▶ **Record excerpts**:
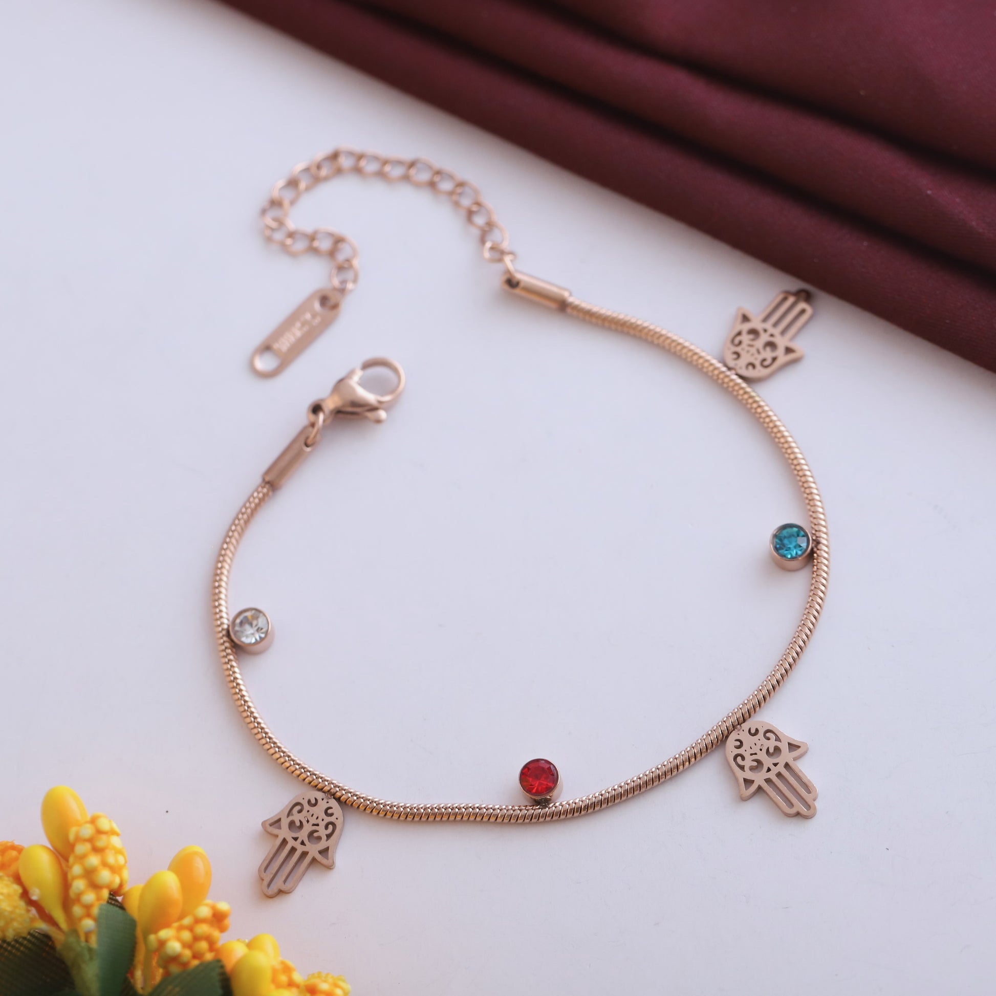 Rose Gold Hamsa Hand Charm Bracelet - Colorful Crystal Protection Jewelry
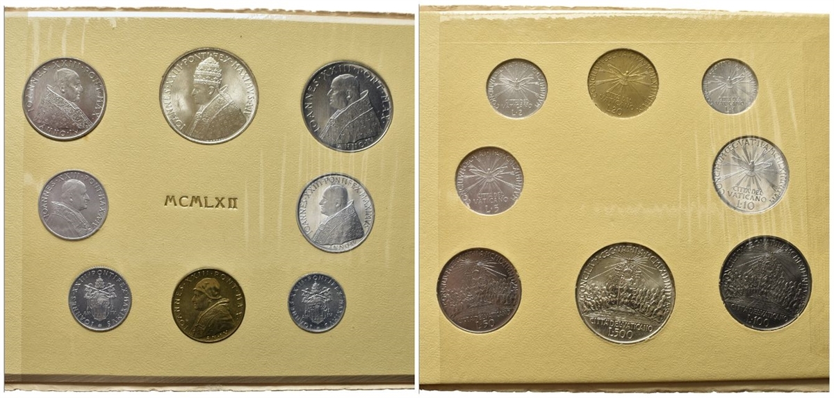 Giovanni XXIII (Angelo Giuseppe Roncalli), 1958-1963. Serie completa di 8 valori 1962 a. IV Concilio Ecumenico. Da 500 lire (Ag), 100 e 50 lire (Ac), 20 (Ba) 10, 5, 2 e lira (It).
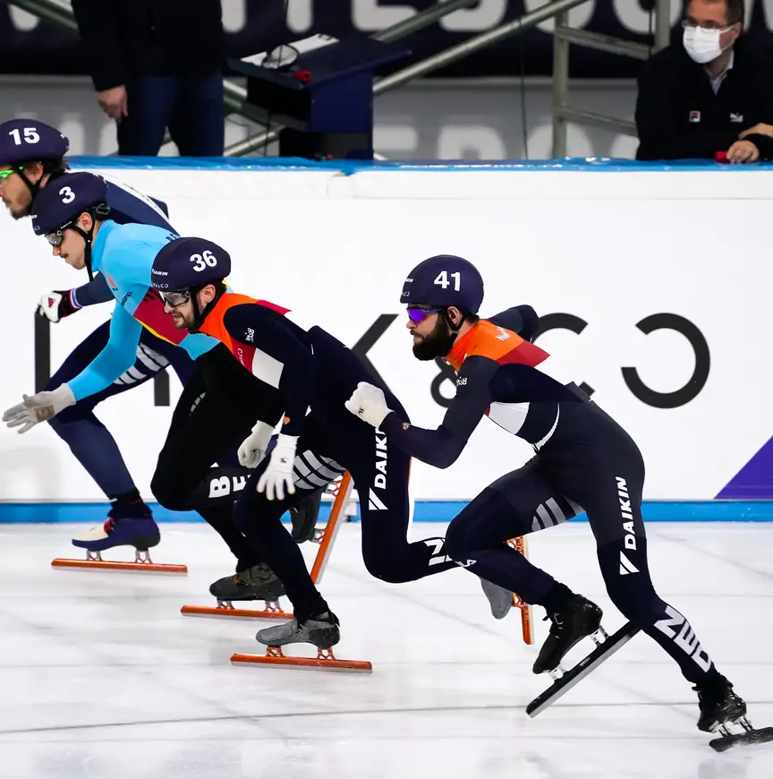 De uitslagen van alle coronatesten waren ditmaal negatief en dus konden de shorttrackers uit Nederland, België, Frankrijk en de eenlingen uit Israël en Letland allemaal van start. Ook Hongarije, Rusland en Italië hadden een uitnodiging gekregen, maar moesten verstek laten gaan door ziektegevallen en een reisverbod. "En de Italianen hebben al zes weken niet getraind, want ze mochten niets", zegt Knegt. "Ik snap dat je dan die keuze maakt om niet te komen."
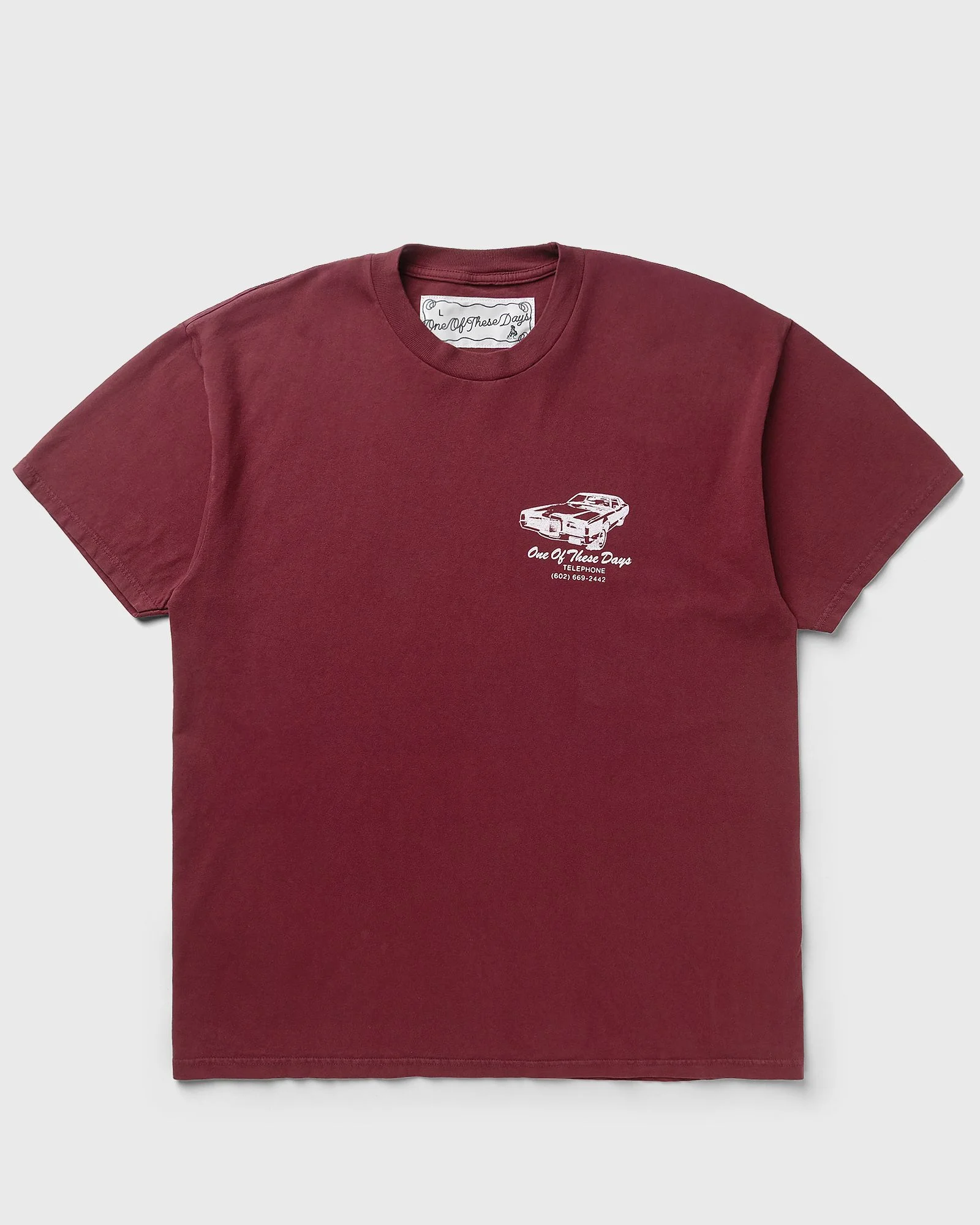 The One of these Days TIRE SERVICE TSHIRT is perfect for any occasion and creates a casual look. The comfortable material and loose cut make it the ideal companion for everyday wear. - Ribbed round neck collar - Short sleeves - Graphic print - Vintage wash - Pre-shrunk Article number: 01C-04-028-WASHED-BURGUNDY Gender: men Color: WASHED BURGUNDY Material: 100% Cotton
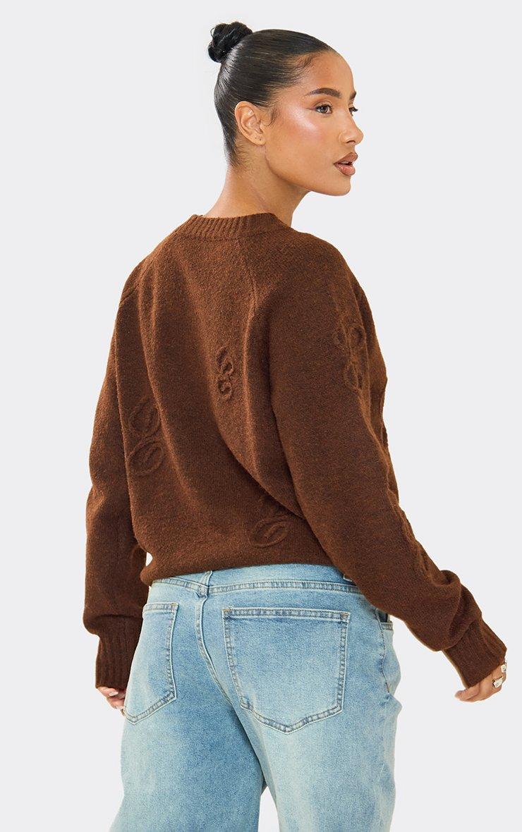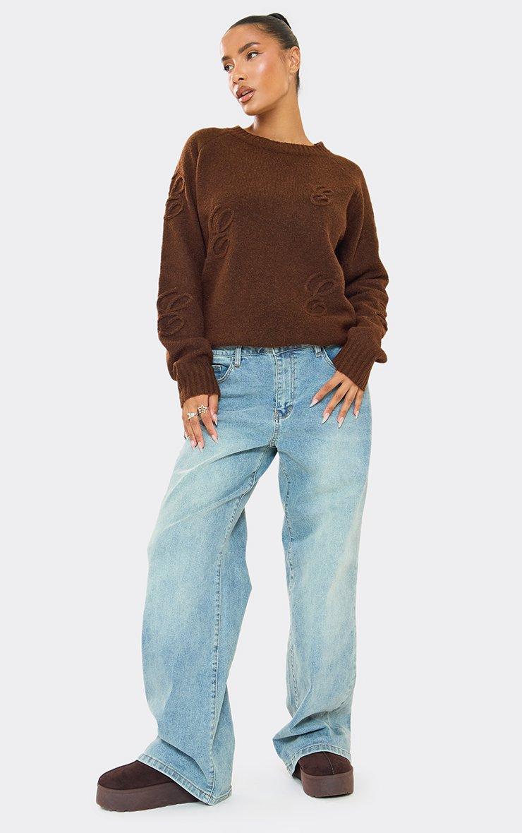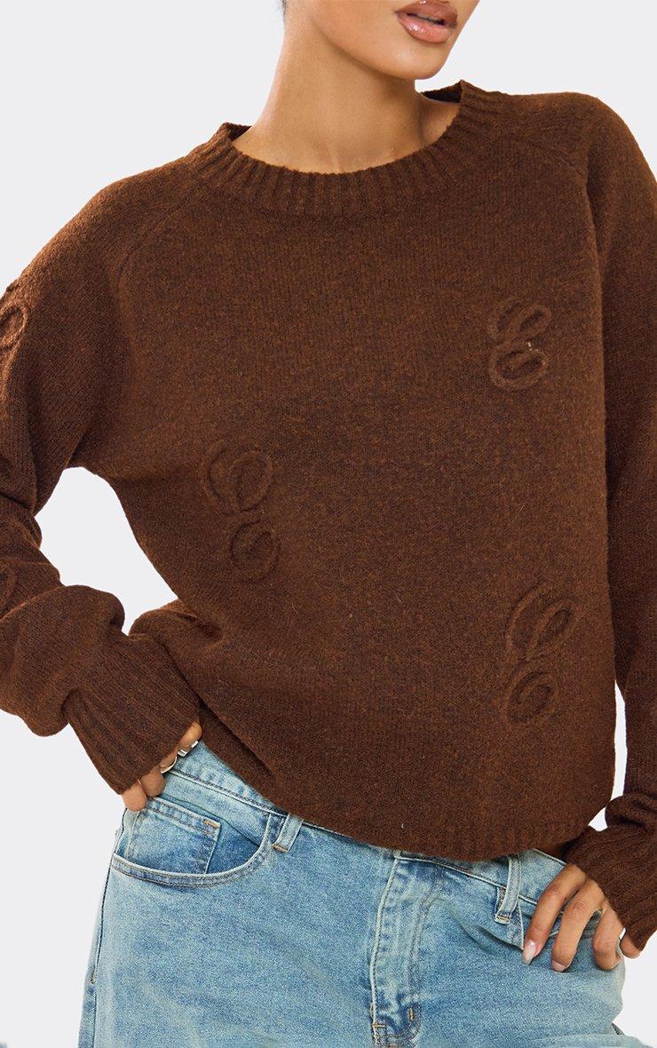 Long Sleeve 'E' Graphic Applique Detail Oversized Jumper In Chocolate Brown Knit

▶ **Task to complete**:
Return the entries verbatim, pictures excluded.

▶ **Result of this task**:
 Rose Gold Hamsa Hand Charm Bracelet - Colorful Crystal Protection Jewelry
 Giovanni XXIII (Angelo Giuseppe Roncalli), 1958-1963. Serie completa di 8 valori 1962 a. IV Concilio Ecumenico. Da 500 lire (Ag), 100 e 50 lire (Ac), 20 (Ba) 10, 5, 2 e lira (It).
 De uitslagen van alle coronatesten waren ditmaal negatief en dus konden de shorttrackers uit Nederland, België, Frankrijk en de eenlingen uit Israël en Letland allemaal van start. Ook Hongarije, Rusland en Italië hadden een uitnodiging gekregen, maar moesten verstek laten gaan door ziektegevallen en een reisverbod. "En de Italianen hebben al zes weken niet getraind, want ze mochten niets", zegt Knegt. "Ik snap dat je dan die keuze maakt om niet te komen."
 The One of these Days TIRE SERVICE TSHIRT is perfect for any occasion and creates a casual look. The comfortable material and loose cut make it the ideal companion for everyday wear. - Ribbed round neck collar - Short sleeves - Graphic print - Vintage wash - Pre-shrunk Article number: 01C-04-028-WASHED-BURGUNDY Gender: men Color: WASHED BURGUNDY Material: 100% Cotton
 Long Sleeve 'E' Graphic Applique Detail Oversized Jumper In Chocolate Brown Knit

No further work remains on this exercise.